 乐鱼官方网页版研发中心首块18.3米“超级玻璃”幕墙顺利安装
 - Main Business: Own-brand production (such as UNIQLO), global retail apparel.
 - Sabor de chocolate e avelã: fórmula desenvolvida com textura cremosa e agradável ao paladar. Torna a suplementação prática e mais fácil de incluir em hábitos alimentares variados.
• • • • • • •
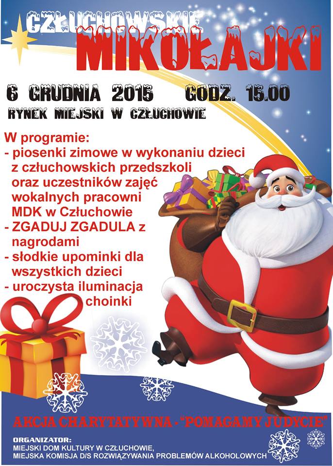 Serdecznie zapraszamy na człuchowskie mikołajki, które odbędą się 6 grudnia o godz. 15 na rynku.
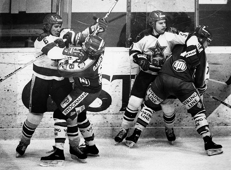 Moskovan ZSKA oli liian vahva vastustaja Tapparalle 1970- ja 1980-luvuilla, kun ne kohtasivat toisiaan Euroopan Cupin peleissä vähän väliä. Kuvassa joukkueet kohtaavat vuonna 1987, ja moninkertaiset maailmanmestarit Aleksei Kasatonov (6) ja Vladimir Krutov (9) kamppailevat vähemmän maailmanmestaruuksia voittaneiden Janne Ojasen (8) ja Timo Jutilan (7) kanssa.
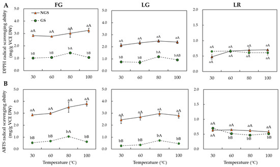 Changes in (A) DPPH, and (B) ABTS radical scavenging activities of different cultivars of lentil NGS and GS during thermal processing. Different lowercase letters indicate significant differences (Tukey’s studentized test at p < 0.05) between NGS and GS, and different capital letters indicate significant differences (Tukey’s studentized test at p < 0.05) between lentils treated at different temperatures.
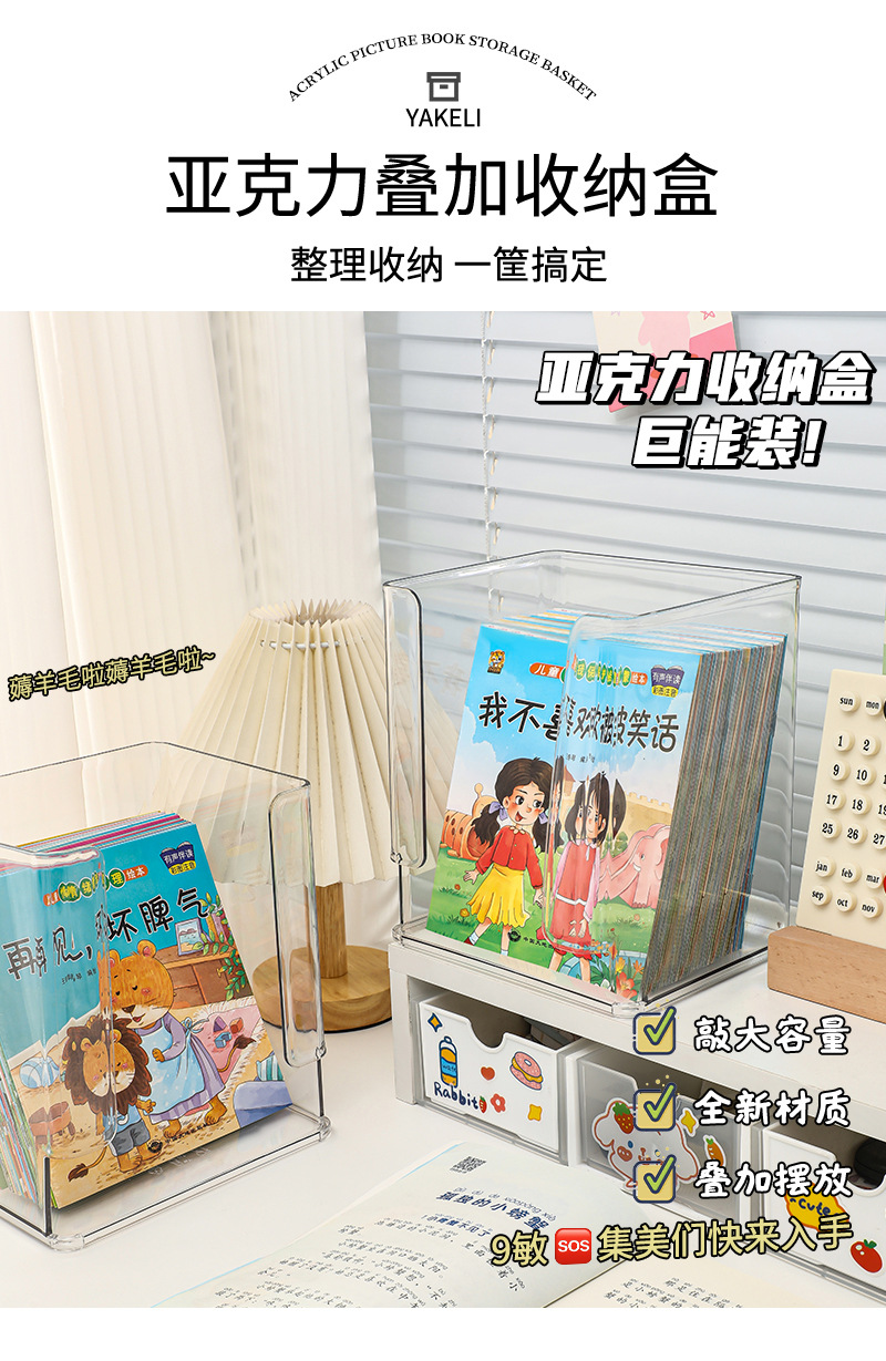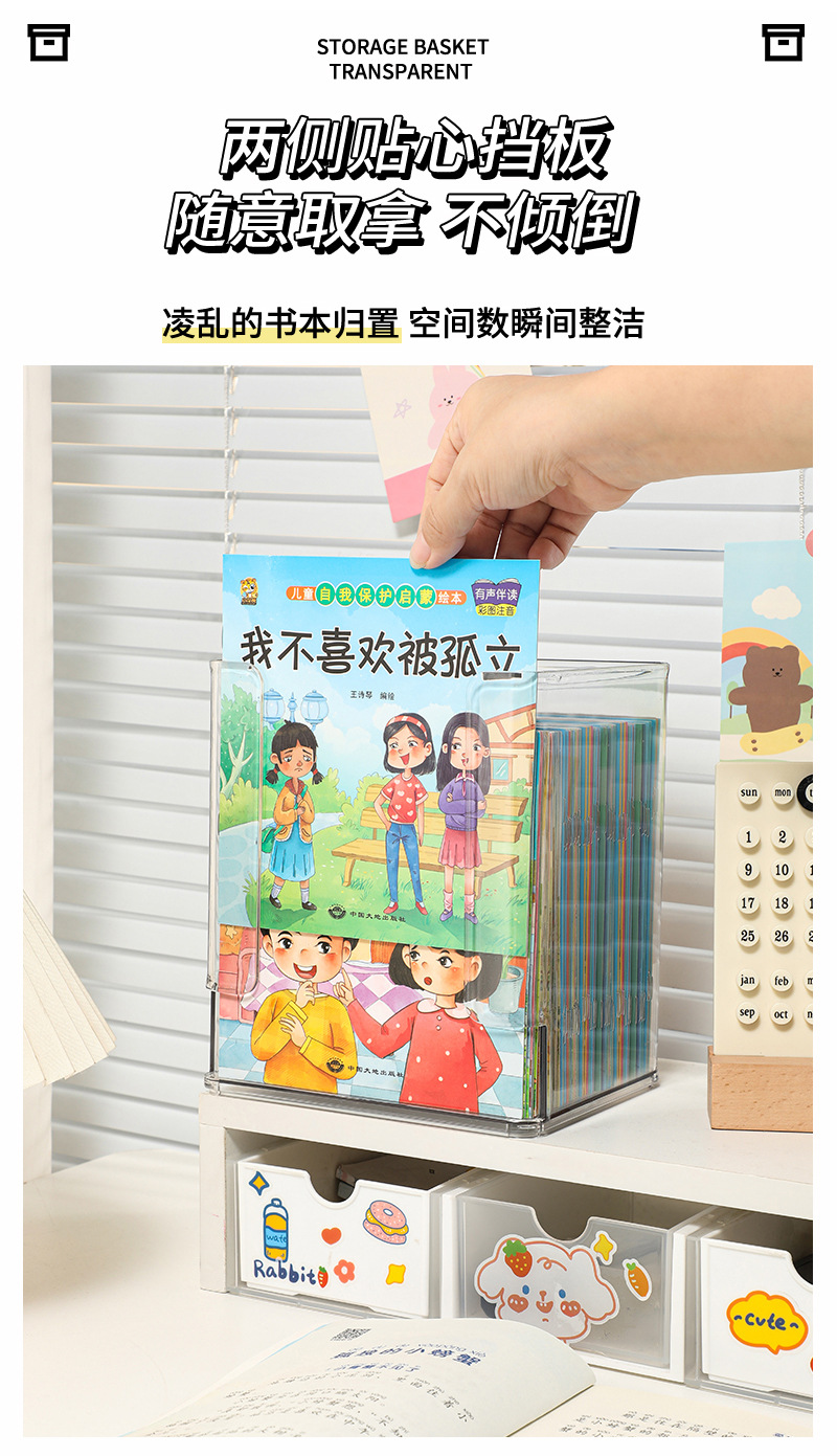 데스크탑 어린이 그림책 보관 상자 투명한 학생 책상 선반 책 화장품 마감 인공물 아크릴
• • • • • • •
■ Task description ■
Starting at the line above that contains "- Main Business: Own-brand", repeat each line exactly up to and including the line that contains "- Sabor de chocolate", and stop there.

■ Result for this task ■
 - Main Business: Own-brand production (such as UNIQLO), global retail apparel.
 - Sabor de chocolate e avelã: fórmula desenvolvida com textura cremosa e agradável ao paladar. Torna a suplementação prática e mais fácil de incluir em hábitos alimentares variados.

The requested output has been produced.